Restate each record below word for word, skipping images.

◇ ◇ ◇ ◇ ◇

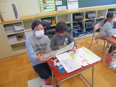交流学級での図工、二人だけの合唱トレーニングのようすです。
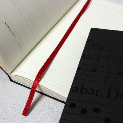 Perpetual diary with a printed hymn to St. Cecilia in black against a black background.''
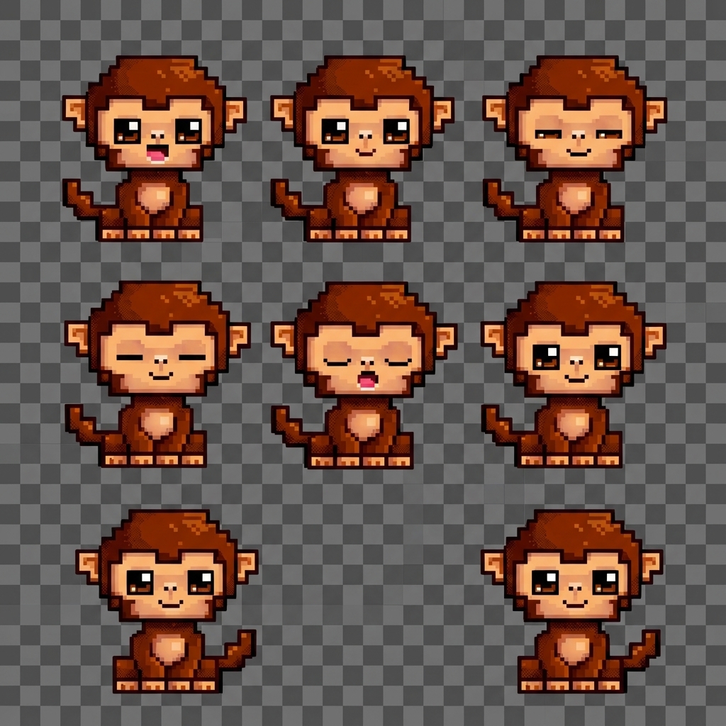 "Using the provided character as exact visual reference, create a pixel art sprite sheet for a PhaserJS-ready idle animation. The sprite sheet must be a clean grid layout, perfectly aligned, with consistent frame size. Animation: Idle – Subtle mouth movement (breathing / small mouth motion) – Tail swaying gently – Occasional eye blinking Technical requirements: – Each frame: 128x128 pixels (or closest optimal size maintaining sharp pixel clarity) – No extra padding or margins between frames – Uniform background (transparent preferred) – Pixel-perfect edges, no blur or anti-aliasing – Consistent character position across all frames (no jitter) Style: – Cute pixel art – Exact color palette and proportions matching the original character – Front-facing view The result must be a perfect idle animation sprite sheet, fully usable in PhaserJS, ready to be imported with frameWidth and frameHeight without manual correction."
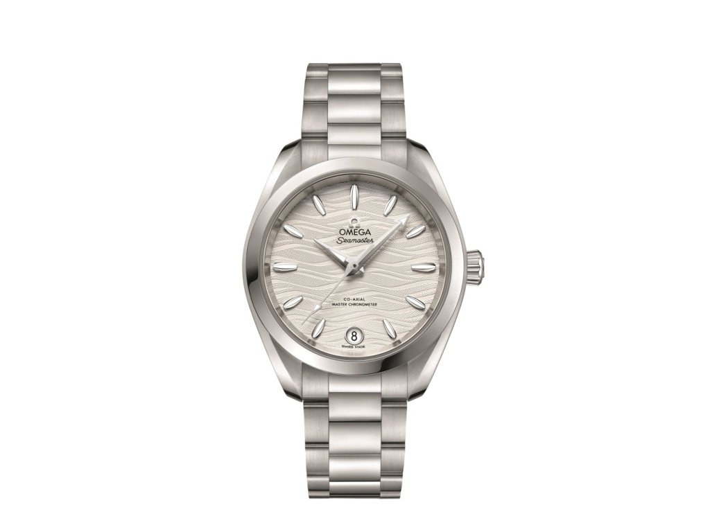 Luxusní dámské hodinky Omega Seamaster Aqua Terra jsou vyrobeny z nerezové oceli, velikost pouzdra je 34 mm. Hodinky mají safírové sklo, pod kterým se nachází světlý číselník s ukazatelem data na pozici č 6 .Hodinky jsou poháněny kalibrem OMEGA Co-Axial Master Chronometer kalibr 8800.
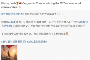 澳大利亚名将尼尔-罗伯逊在微博转发了赵心童夺冠的报道,并配文写道:“创造历史🇨🇳祝贺赵心童夺得2025斯诺克世锦赛冠军!”
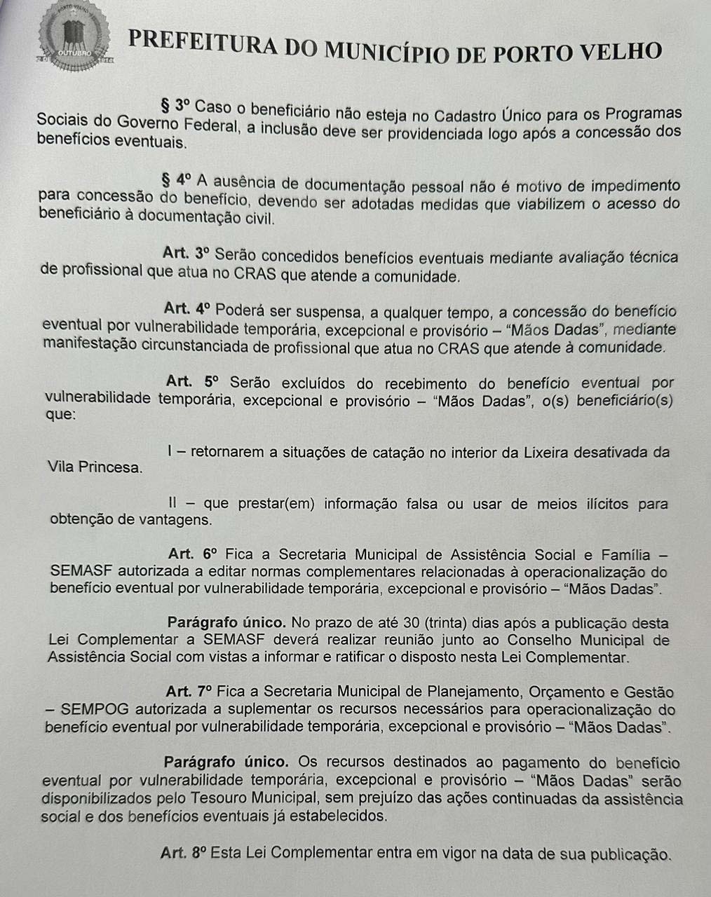 “Com a criação desse programa, a Prefeitura de Porto Velho busca oferecer suporte às famílias de catadores em momentos de vulnerabilidade temporária, contribuindo para a melhoria de suas condições de vida”, finalizou vereador Fogaça.
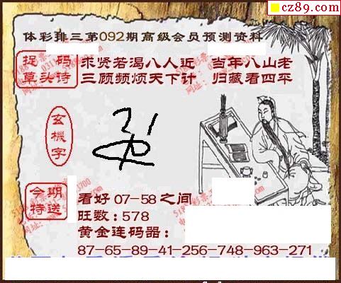 2022年092期牛彩网体彩P3画迷图谜汇总分享
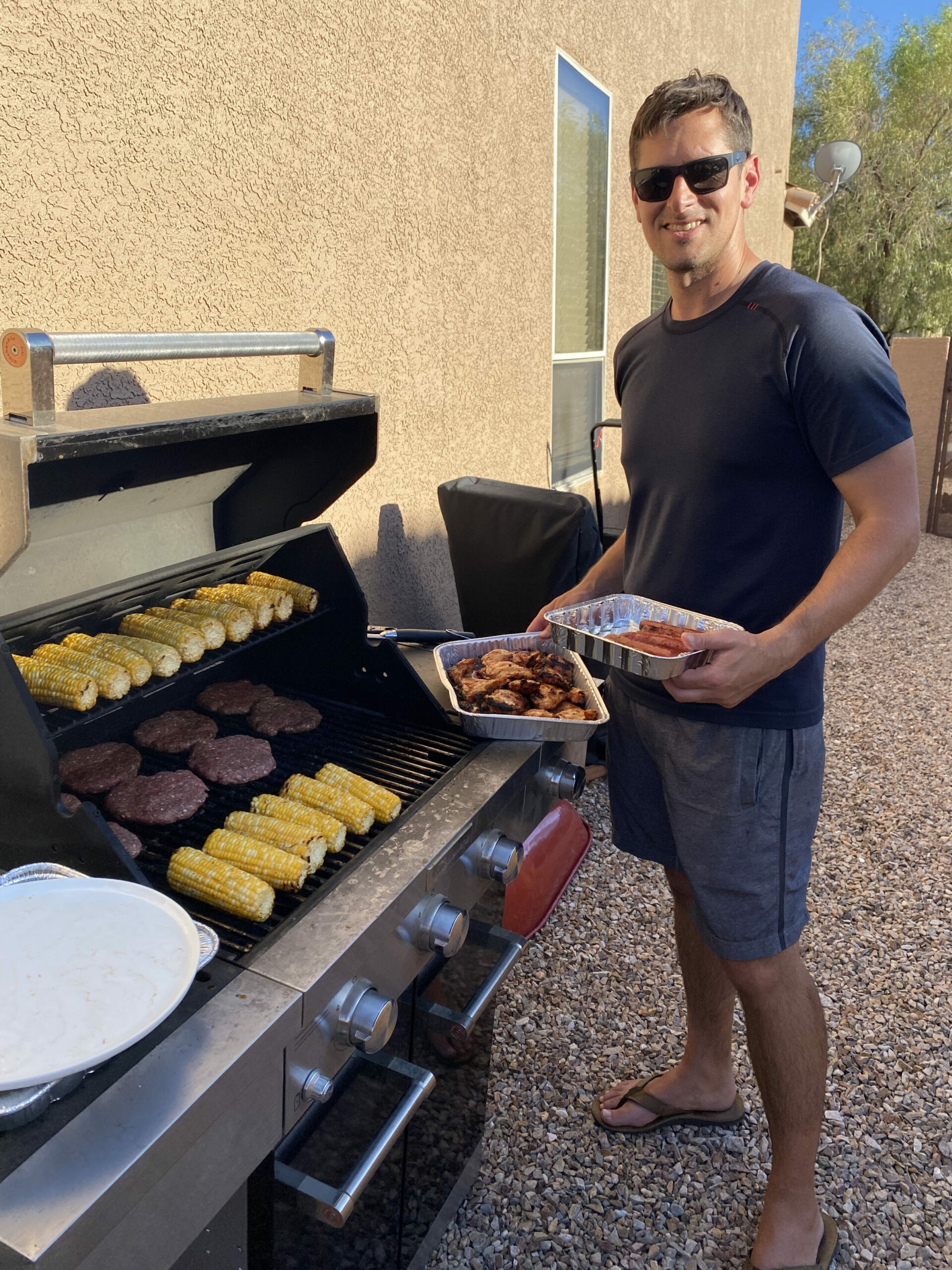 (he cooked up burgers, tons of BBQ chicken thighs, hot dogs, and corn on the cob and everything was amaaaazing)
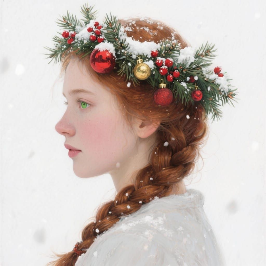 Generate your own unique AI portraits, featuring braided auburn hair and festive wreaths. It's free and easy!

◇ ◇ ◇ ◇ ◇

- [SOLUTION TO THIS PROBLEM]:
交流学級での図工、二人だけの合唱トレーニングのようすです。
 Perpetual diary with a printed hymn to St. Cecilia in black against a black background.''
 "Using the provided character as exact visual reference, create a pixel art sprite sheet for a PhaserJS-ready idle animation. The sprite sheet must be a clean grid layout, perfectly aligned, with consistent frame size. Animation: Idle – Subtle mouth movement (breathing / small mouth motion) – Tail swaying gently – Occasional eye blinking Technical requirements: – Each frame: 128x128 pixels (or closest optimal size maintaining sharp pixel clarity) – No extra padding or margins between frames – Uniform background (transparent preferred) – Pixel-perfect edges, no blur or anti-aliasing – Consistent character position across all frames (no jitter) Style: – Cute pixel art – Exact color palette and proportions matching the original character – Front-facing view The result must be a perfect idle animation sprite sheet, fully usable in PhaserJS, ready to be imported with frameWidth and frameHeight without manual correction."
 Luxusní dámské hodinky Omega Seamaster Aqua Terra jsou vyrobeny z nerezové oceli, velikost pouzdra je 34 mm. Hodinky mají safírové sklo, pod kterým se nachází světlý číselník s ukazatelem data na pozici č 6 .Hodinky jsou poháněny kalibrem OMEGA Co-Axial Master Chronometer kalibr 8800.
 澳大利亚名将尼尔-罗伯逊在微博转发了赵心童夺冠的报道,并配文写道:“创造历史🇨🇳祝贺赵心童夺得2025斯诺克世锦赛冠军!”
 “Com a criação desse programa, a Prefeitura de Porto Velho busca oferecer suporte às famílias de catadores em momentos de vulnerabilidade temporária, contribuindo para a melhoria de suas condições de vida”, finalizou vereador Fogaça.
 2022年092期牛彩网体彩P3画迷图谜汇总分享
 (he cooked up burgers, tons of BBQ chicken thighs, hot dogs, and corn on the cob and everything was amaaaazing)
 Generate your own unique AI portraits, featuring braided auburn hair and festive wreaths. It's free and easy!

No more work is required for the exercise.